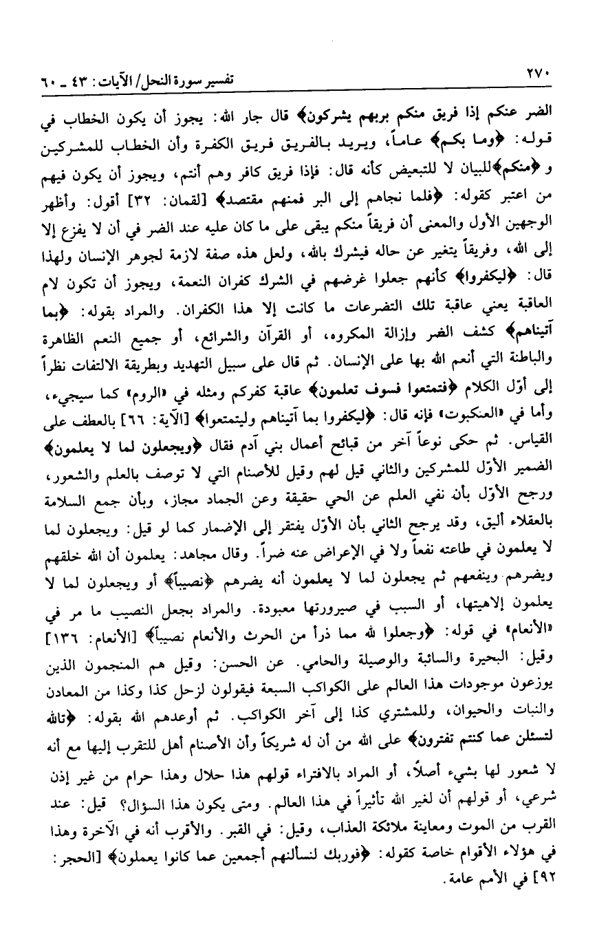 الضُّرَّ عَنْكُمْ إِذا فَرِيقٌ مِنْكُمْ بِرَبِّهِمْ يُشْرِكُونَ قال جار الله: يجوز أن يكون الخطاب في قوله: وَما بِكُمْ عاما، ويريد بالفريق فريق الكفرة وأن الخطاب للمشركين ومِنْكُمْ للبيان لا للتبعيض كأنه قال: فإذا فريق كافر وهم أنتم، ويجوز أن يكون فيهم من اعتبر كقوله: فَلَمَّا نَجَّاهُمْ إِلَى الْبَرِّ فَمِنْهُمْ مُقْتَصِدٌ [لقمان: 32] أقول: وأظهر الوجهين الأول والمعنى أن فريقا منكم يبقى على ما كان عليه عند الضر في أن لا يفزع إلا إلى الله، وفريقا يتغير عن حاله فيشرك بالله، ولعل هذه صفة لازمة لجوهر الإنسان ولهذا قال: لِيَكْفُرُوا كأنهم جعلوا غرضهم في الشرك كفران النعمة، ويجوز أن تكون لام العاقبة يعني عاقبة تلك التضرعات ما كانت إلا هذا الكفران. والمراد بقوله: بِما آتَيْناهُمْ
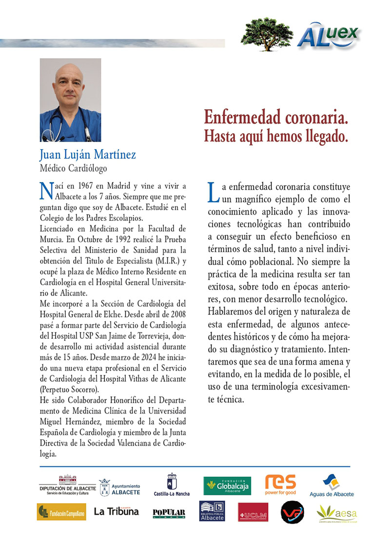 Conferencia número 9. LA MEDICINA AL SERVICIO DE LA SALUD ENEFERMEDAD CORONARIA. HASTA AQUÍ HEMOS LLEGADO. Juan Luján Martínez. Médico Cardiólogo. Boletín de la conferencia:
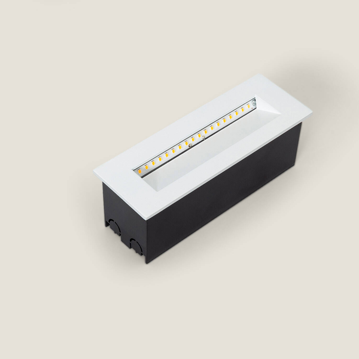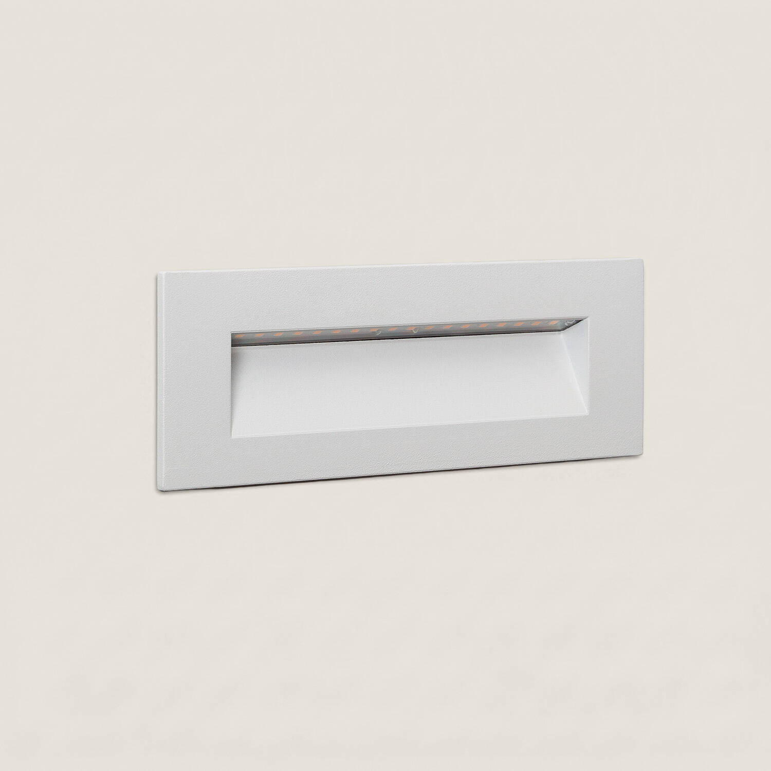 La balise émet une lumière blanc neutre 4000K pour un rendu naturel, avec une luminosité de 360 lm et un angle d'ouverture de 120º. Son design encastré et directionnel offre un éclairage discret et uniforme idéal pour baliser des marches, des allées ou créer des accents architecturaux.
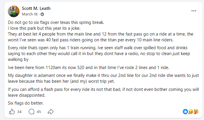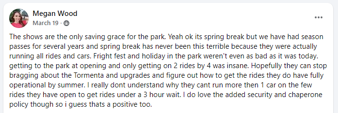 Some guests in online groups brushed off the park’s first few weeks of rocky operations as a consequence of the 2-month closure (seemingly forgetting that the park had an off-season for virtually all of its existence except for the past few years) and that all would be back to normal soon. But then came Spring Break, widely known to be one of the busiest weeks of the park. Again, guests reported significant ride closures (apparently due to staffing issues) and coasters that were open were only running single trains resulting in multiple-hour waits.
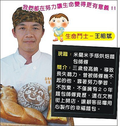 簡介:三歲發高燒,導致喪失聽力。曾被師傅瞧不起的他,靠著努力學習、不放棄,不僅擁有20年麵包師傅資歷,還在文雅街上開店,讓顧客品嚐用心製作的幸福麵包。
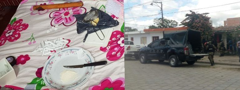 El operativo arrojó 275 gramos de Pasta Base, 10 ravioles de cocaína, 8500 pesos, 300 papeles listos para fraccionar, ralladores, coladores, entre otros elementos.
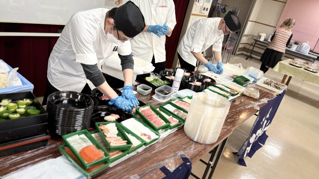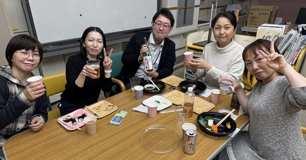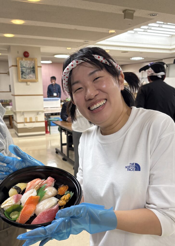 お寿司の握り体験をしたり、職員の子どもも参加したりと、仕事終わりにみなさん楽しまれていました。
* * * *
The material must be returned exactly, with its pictures omitted.

 الضُّرَّ عَنْكُمْ إِذا فَرِيقٌ مِنْكُمْ بِرَبِّهِمْ يُشْرِكُونَ قال جار الله: يجوز أن يكون الخطاب في قوله: وَما بِكُمْ عاما، ويريد بالفريق فريق الكفرة وأن الخطاب للمشركين ومِنْكُمْ للبيان لا للتبعيض كأنه قال: فإذا فريق كافر وهم أنتم، ويجوز أن يكون فيهم من اعتبر كقوله: فَلَمَّا نَجَّاهُمْ إِلَى الْبَرِّ فَمِنْهُمْ مُقْتَصِدٌ [لقمان: 32] أقول: وأظهر الوجهين الأول والمعنى أن فريقا منكم يبقى على ما كان عليه عند الضر في أن لا يفزع إلا إلى الله، وفريقا يتغير عن حاله فيشرك بالله، ولعل هذه صفة لازمة لجوهر الإنسان ولهذا قال: لِيَكْفُرُوا كأنهم جعلوا غرضهم في الشرك كفران النعمة، ويجوز أن تكون لام العاقبة يعني عاقبة تلك التضرعات ما كانت إلا هذا الكفران. والمراد بقوله: بِما آتَيْناهُمْ
 Conferencia número 9. LA MEDICINA AL SERVICIO DE LA SALUD ENEFERMEDAD CORONARIA. HASTA AQUÍ HEMOS LLEGADO. Juan Luján Martínez. Médico Cardiólogo. Boletín de la conferencia:
 La balise émet une lumière blanc neutre 4000K pour un rendu naturel, avec une luminosité de 360 lm et un angle d'ouverture de 120º. Son design encastré et directionnel offre un éclairage discret et uniforme idéal pour baliser des marches, des allées ou créer des accents architecturaux.
 Some guests in online groups brushed off the park’s first few weeks of rocky operations as a consequence of the 2-month closure (seemingly forgetting that the park had an off-season for virtually all of its existence except for the past few years) and that all would be back to normal soon. But then came Spring Break, widely known to be one of the busiest weeks of the park. Again, guests reported significant ride closures (apparently due to staffing issues) and coasters that were open were only running single trains resulting in multiple-hour waits.
 簡介:三歲發高燒,導致喪失聽力。曾被師傅瞧不起的他,靠著努力學習、不放棄,不僅擁有20年麵包師傅資歷,還在文雅街上開店,讓顧客品嚐用心製作的幸福麵包。
 El operativo arrojó 275 gramos de Pasta Base, 10 ravioles de cocaína, 8500 pesos, 300 papeles listos para fraccionar, ralladores, coladores, entre otros elementos.
 お寿司の握り体験をしたり、職員の子どもも参加したりと、仕事終わりにみなさん楽しまれていました。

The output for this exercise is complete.